Give back the records that follow exactly, images excluded.

→ Items listed in a dataset
..............................
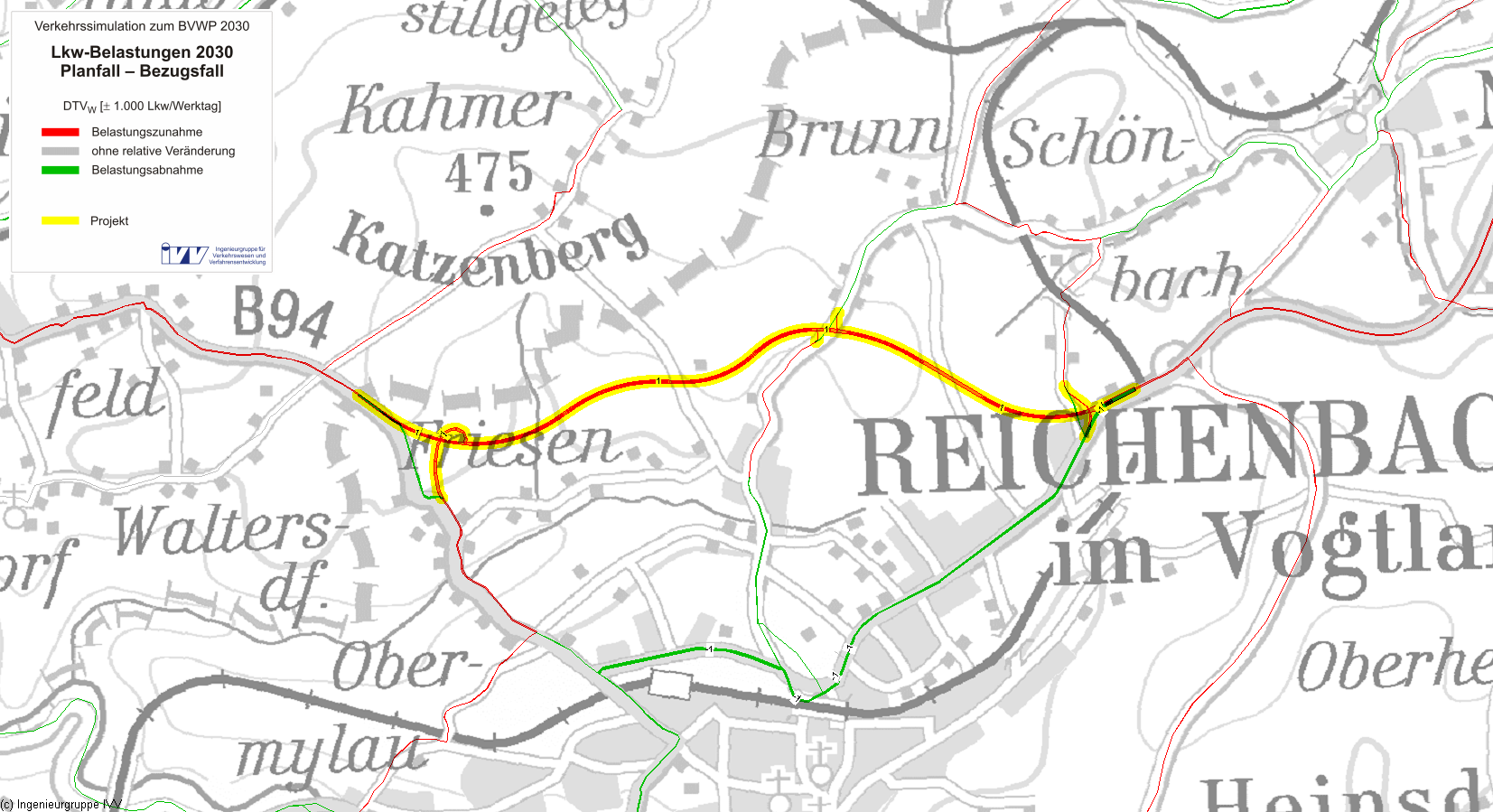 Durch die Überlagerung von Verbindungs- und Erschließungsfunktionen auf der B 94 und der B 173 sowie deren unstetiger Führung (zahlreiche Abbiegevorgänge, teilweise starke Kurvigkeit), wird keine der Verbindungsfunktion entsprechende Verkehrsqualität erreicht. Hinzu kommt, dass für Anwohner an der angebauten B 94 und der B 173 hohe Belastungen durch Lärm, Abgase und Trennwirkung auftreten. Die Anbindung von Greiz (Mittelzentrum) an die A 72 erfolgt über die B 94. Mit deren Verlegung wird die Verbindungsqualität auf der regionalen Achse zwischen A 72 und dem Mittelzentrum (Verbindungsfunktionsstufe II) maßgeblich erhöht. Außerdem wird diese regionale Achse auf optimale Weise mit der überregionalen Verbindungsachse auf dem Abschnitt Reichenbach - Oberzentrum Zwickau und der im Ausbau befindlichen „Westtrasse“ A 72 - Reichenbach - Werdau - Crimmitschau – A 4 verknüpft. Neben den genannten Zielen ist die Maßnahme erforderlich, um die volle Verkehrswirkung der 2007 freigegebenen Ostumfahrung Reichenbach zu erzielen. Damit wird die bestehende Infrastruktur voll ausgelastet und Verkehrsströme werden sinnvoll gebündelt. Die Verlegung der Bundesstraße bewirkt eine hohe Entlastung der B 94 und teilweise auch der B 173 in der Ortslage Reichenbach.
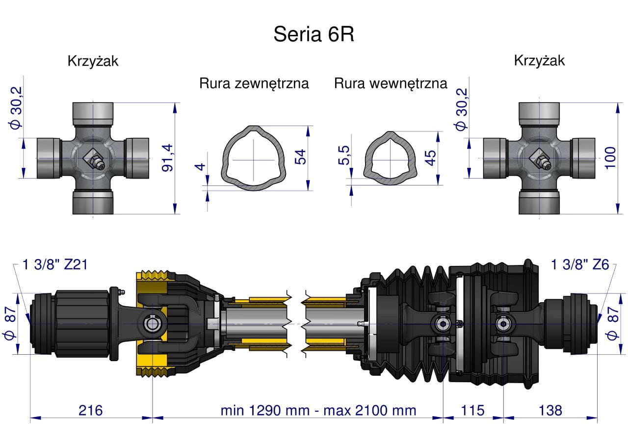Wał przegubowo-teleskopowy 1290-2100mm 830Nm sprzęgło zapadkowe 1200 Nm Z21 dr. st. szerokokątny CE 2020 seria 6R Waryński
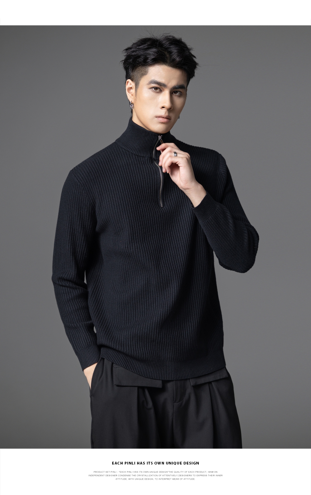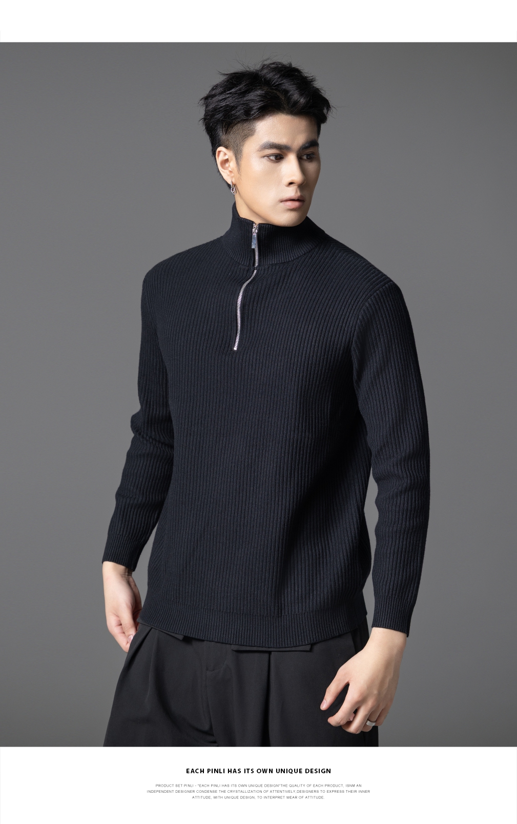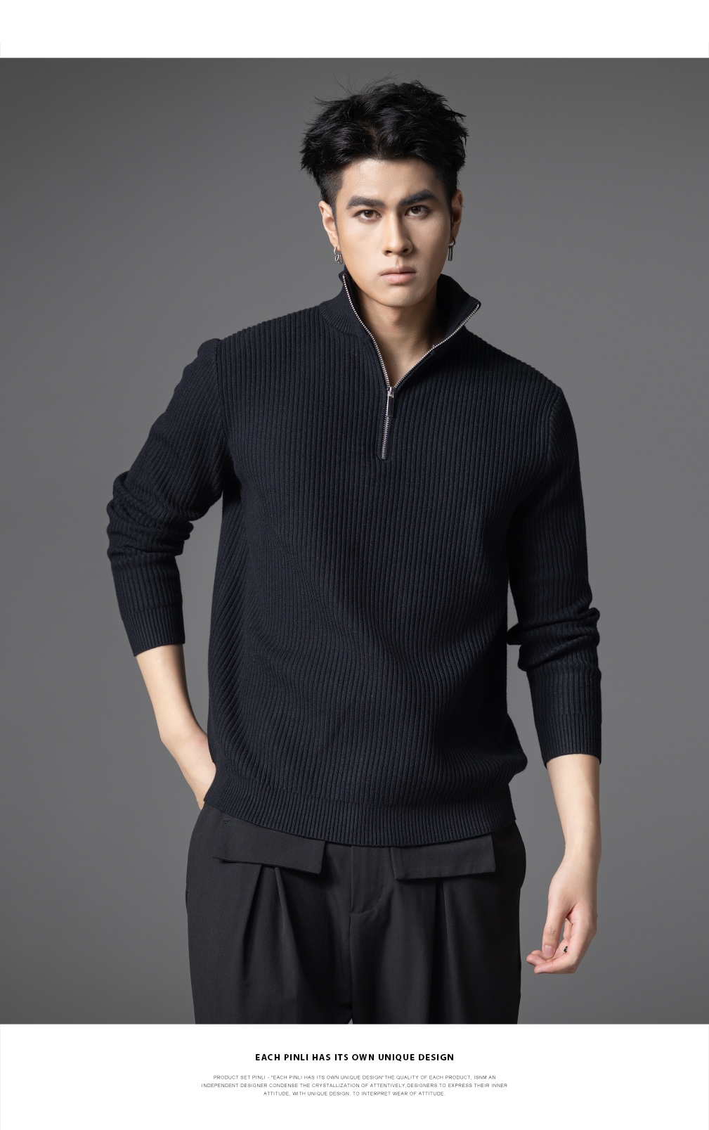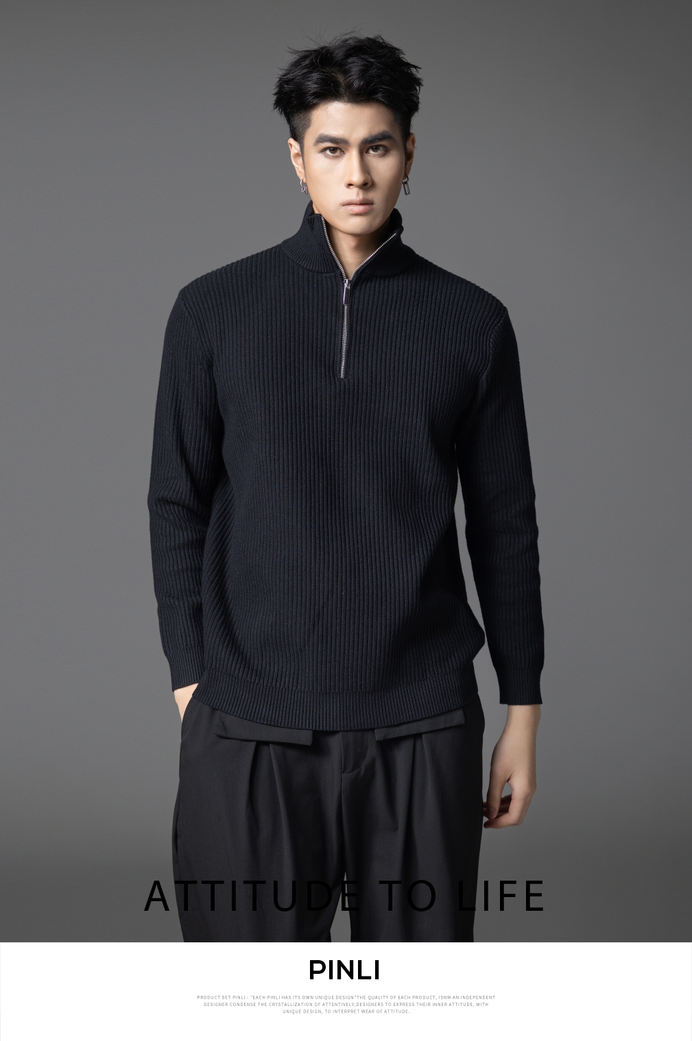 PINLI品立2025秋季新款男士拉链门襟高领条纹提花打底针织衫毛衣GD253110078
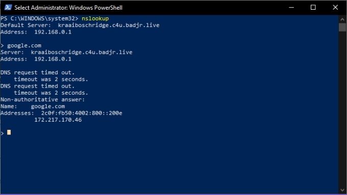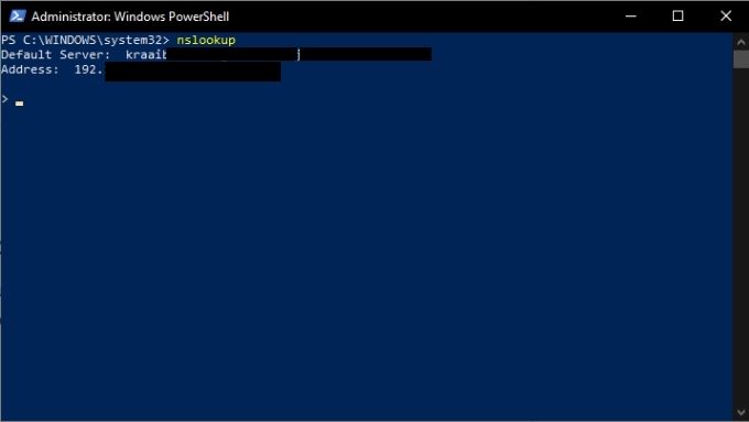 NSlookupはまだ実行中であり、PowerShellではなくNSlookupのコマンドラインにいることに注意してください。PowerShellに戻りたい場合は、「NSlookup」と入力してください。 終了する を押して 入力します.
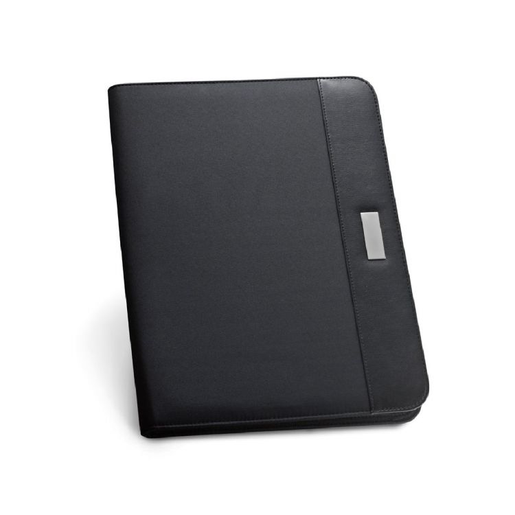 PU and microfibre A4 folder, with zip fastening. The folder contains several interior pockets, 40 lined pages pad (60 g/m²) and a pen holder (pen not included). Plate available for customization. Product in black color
..............................
→ ANSWER TO THE PROBLEM
 Durch die Überlagerung von Verbindungs- und Erschließungsfunktionen auf der B 94 und der B 173 sowie deren unstetiger Führung (zahlreiche Abbiegevorgänge, teilweise starke Kurvigkeit), wird keine der Verbindungsfunktion entsprechende Verkehrsqualität erreicht. Hinzu kommt, dass für Anwohner an der angebauten B 94 und der B 173 hohe Belastungen durch Lärm, Abgase und Trennwirkung auftreten. Die Anbindung von Greiz (Mittelzentrum) an die A 72 erfolgt über die B 94. Mit deren Verlegung wird die Verbindungsqualität auf der regionalen Achse zwischen A 72 und dem Mittelzentrum (Verbindungsfunktionsstufe II) maßgeblich erhöht. Außerdem wird diese regionale Achse auf optimale Weise mit der überregionalen Verbindungsachse auf dem Abschnitt Reichenbach - Oberzentrum Zwickau und der im Ausbau befindlichen „Westtrasse“ A 72 - Reichenbach - Werdau - Crimmitschau – A 4 verknüpft. Neben den genannten Zielen ist die Maßnahme erforderlich, um die volle Verkehrswirkung der 2007 freigegebenen Ostumfahrung Reichenbach zu erzielen. Damit wird die bestehende Infrastruktur voll ausgelastet und Verkehrsströme werden sinnvoll gebündelt. Die Verlegung der Bundesstraße bewirkt eine hohe Entlastung der B 94 und teilweise auch der B 173 in der Ortslage Reichenbach.
Wał przegubowo-teleskopowy 1290-2100mm 830Nm sprzęgło zapadkowe 1200 Nm Z21 dr. st. szerokokątny CE 2020 seria 6R Waryński
 PINLI品立2025秋季新款男士拉链门襟高领条纹提花打底针织衫毛衣GD253110078
 NSlookupはまだ実行中であり、PowerShellではなくNSlookupのコマンドラインにいることに注意してください。PowerShellに戻りたい場合は、「NSlookup」と入力してください。 終了する を押して 入力します.
 PU and microfibre A4 folder, with zip fastening. The folder contains several interior pockets, 40 lined pages pad (60 g/m²) and a pen holder (pen not included). Plate available for customization. Product in black color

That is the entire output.